Now the worst thing you can do when trying to assist women in trouble is to “Shiny Thing” them. They are already under a colossal amount of pressure and interrupting their thought process or an attempt to verbalize their emotional angst can lead to them getting really frustrated and sometimes even angry. Understandably so. They don’t understand yet that I have faults too. Many, many, many faults. They think of me as some sort of Rehab in Shining Armour..some example to follow…some lesson to learn. They have no idea how many lessons I still have in front of me and that it is from each of them I gain more insight to who I am and what I am here for. They don’t understand that seeing them is like looking in a mirror for me. Older, wiser, sure. But scarred and still a little vulnerable. Still a little afraid of fire.
And, in my own dysfunction, when faced with the enormity of the responsibility I have undertaken to mentor them back to sound mental health, I am trapped by a selfish and desperate need to finish their sentences to disguise my insecurities and deflect attention from the fact that I really have no idea what I’m doing.
I just lost one of my girls back to the street about four months ago.

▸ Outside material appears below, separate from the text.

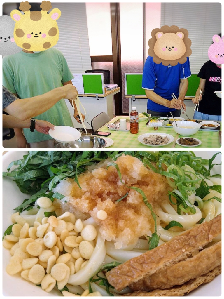 本日のイベントは色々なトッピングをしたうどんでした!暑い日の昼ごはんには、冷やしうどんがピッタリですね。

I saw it coming for a full week. I watched her make choices that I knew would lead her directly into hell. I advised her against it. I pleaded with her to reconsider. I questioned her motives. I threatened. I cajoled. I would have danced naked in the street to regain her attention but – like me – the “Shiny Thing Syndrome” had already taken hold and her interest in recovery was like shutting off a light.
And now I had my own mirror to look in. It was ironically like a circus mirror where the image shifted and distorted, casting a very unflattering prism of light on my own life. I was forced to look a little deeper to try and remember who I was.
I was forced to focus
No easy task for those of us who suffer from “Shiny Thing Syndrome”.

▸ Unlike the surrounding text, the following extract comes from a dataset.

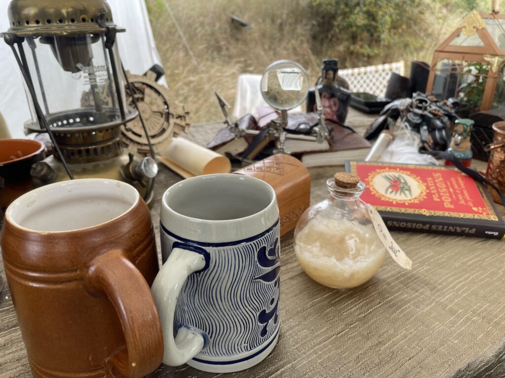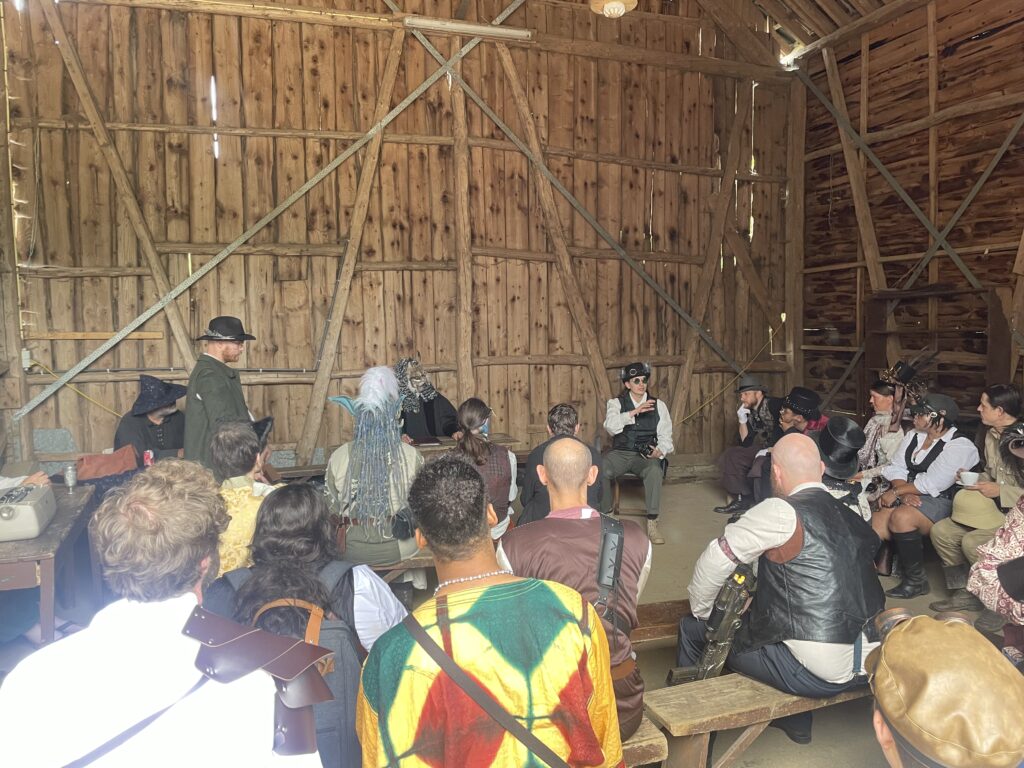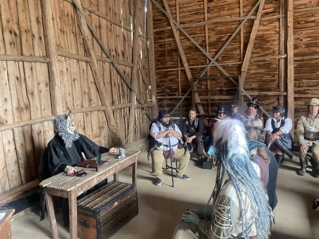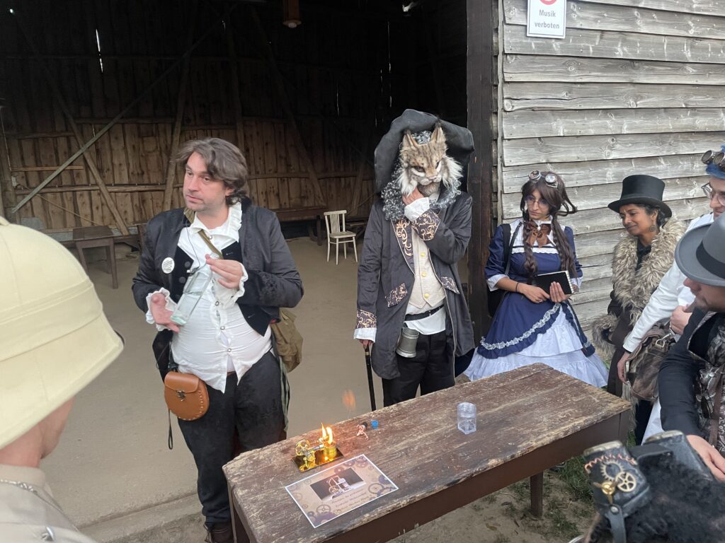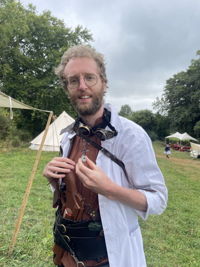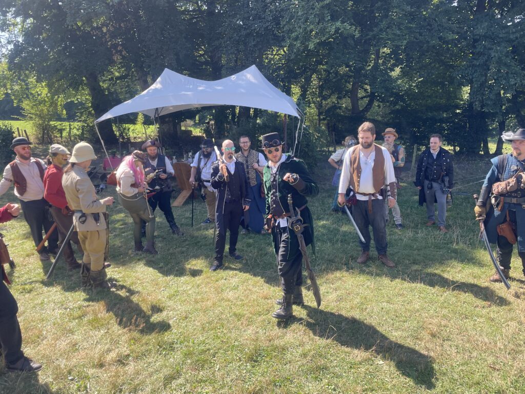 Nous étions plongés dans une exposition universelle d’inventions et de découvertes. Les guildes y présentaient leurs créations : machinerie pour zeppelin, huile rare, mitrailleuse Gatling, système de communication entre amoureux, coffre de refroidissement,… C’était foisonnant ! Et soudain, le jeu de rôle prit vie : une comtesse nous proposa de voler une machine en échange d’un titre et d’une belle récompense. L’affaire fut rapidement conclue. Après un passage remarqué à la taverne pour brouiller les pistes et nous fabriquer un alibi auprès du juge, un détachement de mon équipage vola habilement la machine avant de la mettre à l’abri.

What I saw was a deeper understanding of my reasoning for trying to undertake such an enormous task as this rehabilitation of women and I was able to see that my motivation was only slightly less pure than I might have originally thought.

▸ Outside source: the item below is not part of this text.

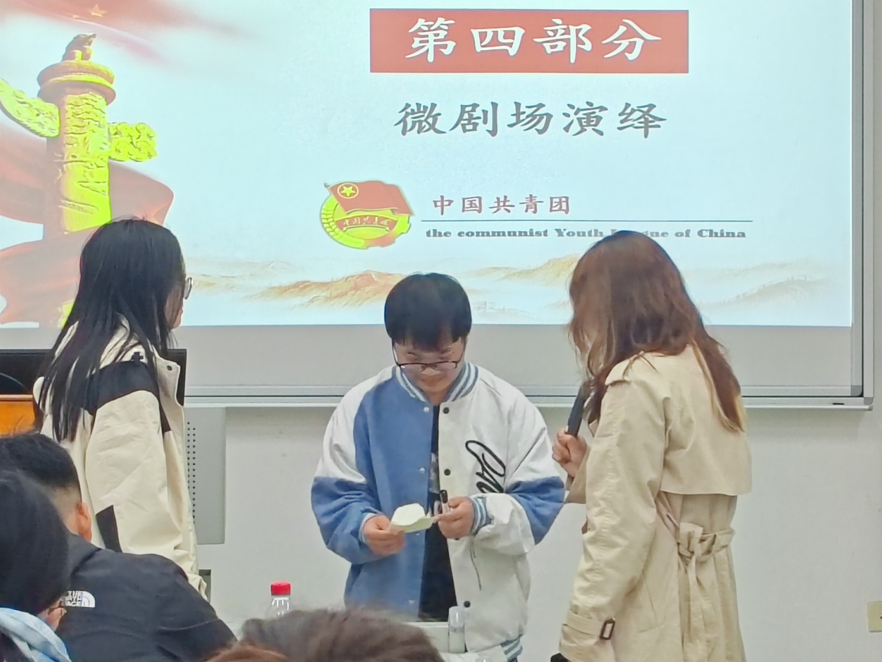 在微剧场演绎环节,由主持人抽取四位同学后为我们演绎了江姐狱中传信的场景,同学们利用现有道具进行即兴演绎,沉浸式感受角色精神,引导大学生重温革命历史,感悟精神伟力,深刻领悟红岩精神的核心内涵,筑牢听党话、跟党走的信仰之基。

My intentions were not poisonous…not even a little. As the weight of what I considered to be my own personal failure – to cure this woman from her addiction to self loathing – started to lift, I was able to see that I was motivated by the fear that she is what I could have become. And as I teach my girls at the class in jail every week, I remembered that faith must replace fear in order to become well – mentally, emotionally and psychologically.
And I was still a little afraid – even though my faith has become stronger through the experience and it will grow stronger with each passing day. The lesson to be learned from having Shiny Things Syndrome is to not be afraid of it. To acknowledge it. To embrace it. There is no cure – no magic pill – no vaccination. It has to be addressed daily with a prayerful attitude of releasing it to a higher power.
By admitting it’s there I can walk in a greater understanding of what walking in the light of Love, Joy, Peace and Forgiveness really is.
Dedicated to Lynda. May you someday find the peace that waits for you.